8.58g of coastic soada was dissolved to produce a solution of 500cm3 .to neutralize 50cm3 of this solution 15cm3 of 0.4M HCl was consumed .(coastic soada = Na2CO3.XH2O ) find the value of X?
Note the correct spelling of caustic soda. Also, correct sentence structure helps us read these problems better.
How many mols HCl did you use? That's M x L = 0.4M x 0.015L = 0.006.
How many grams were in the solution you titrated. That's 8.58 x 50/500 = 0.858 g.
Then mols = grams/molar mass and rearrange to molar mass = grams/mols.
0.858/0.006 = about 143.
Subtract Na2CO3 = -106
Remainder is 37 and 37/18 = 2.05 mols and I would round that to 2.0 for X.

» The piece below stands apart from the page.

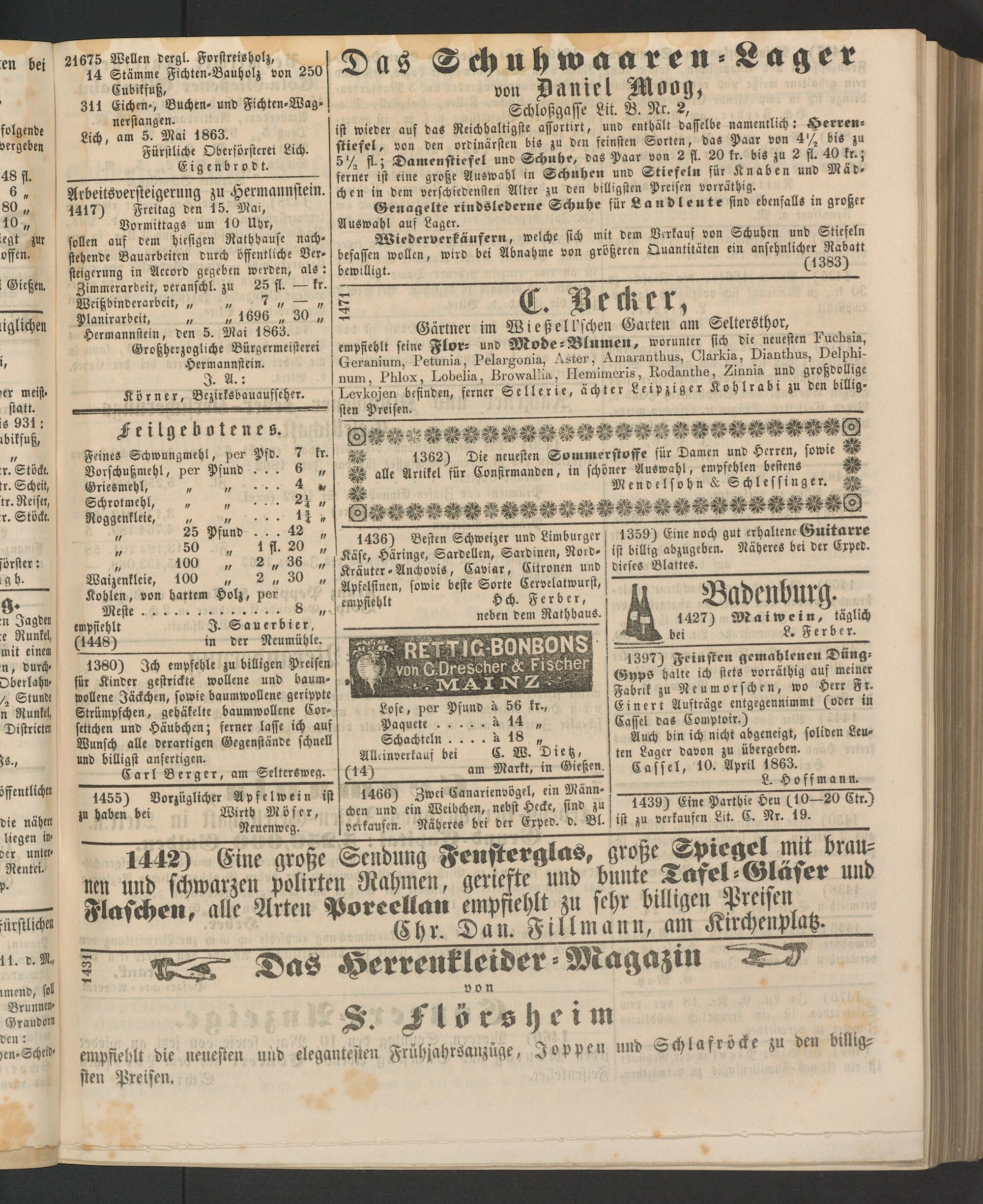Anzeigeblatt für die Provinzialhauptstadt Gießen. 1840-1867

To find the value of X in Na2CO3·XH2O, we first need to know the molar ratio between Na2CO3 and HCl.
From the given information:
• Volume of the Na2CO3 solution = 500 cm3
• Volume of HCl consumed = 15 cm3
• Concentration of HCl = 0.4 M
We can calculate the moles of HCl consumed using the formula:
moles of HCl = concentration (M) × volume (L)
First, convert the volume of HCl consumed to liters:
15 cm3 = 15 cm3 ÷ 1000 cm3/L = 0.015 L
Now, substitute the values into the formula:
moles of HCl = 0.4 M × 0.015 L = 0.006 moles
Since HCl reacts with Na2CO3 in a 1:1 molar ratio, we can conclude that 0.006 moles of Na2CO3 also reacted.
Next, we need to calculate the number of moles present in the 500 cm3 of the Na2CO3 solution.
moles of Na2CO3 in 500 cm3 = concentration (M) × volume (L)
Here, the concentration of Na2CO3 is not given directly, but we can calculate it by:
concentration (M) = mass (g) ÷ molar mass (g/mol)
Given that 8.58 g of Na2CO3 was dissolved to produce the 500 cm3 solution:
molar mass of Na2CO3 = 2 × atomic mass of Na + atomic mass of C + 3 × atomic mass of O
molar mass of Na2CO3 = 2 × 22.99 g/mol + 12.01 g/mol + 3 × 16.00 g/mol
= 105.99 g/mol
Substitute the values into the formula:
concentration of Na2CO3 = 8.58 g ÷ 105.99 g/mol
= 0.081 M
Now, calculate the moles of Na2CO3 in the 500 cm3 of the solution:
moles of Na2CO3 in 500 cm3 = 0.081 M × 0.5 L
= 0.0405 moles
Since we know that 0.006 moles of Na2CO3 reacted, we can subtract this amount to find the moles of water (XH2O) present in Na2CO3·XH2O:
moles of H2O = moles of Na2CO3 in the solution - moles of Na2CO3 reacted
= 0.0405 moles - 0.006 moles
= 0.0345 moles
Finally, to find the value of X, we need to calculate the ratio between the moles of water and Na2CO3:
X = moles of H2O ÷ moles of Na2CO3
= 0.0345 moles ÷ 0.0405 moles
≈ 0.852
Therefore, the value of X in Na2CO3·XH2O is approximately 0.852.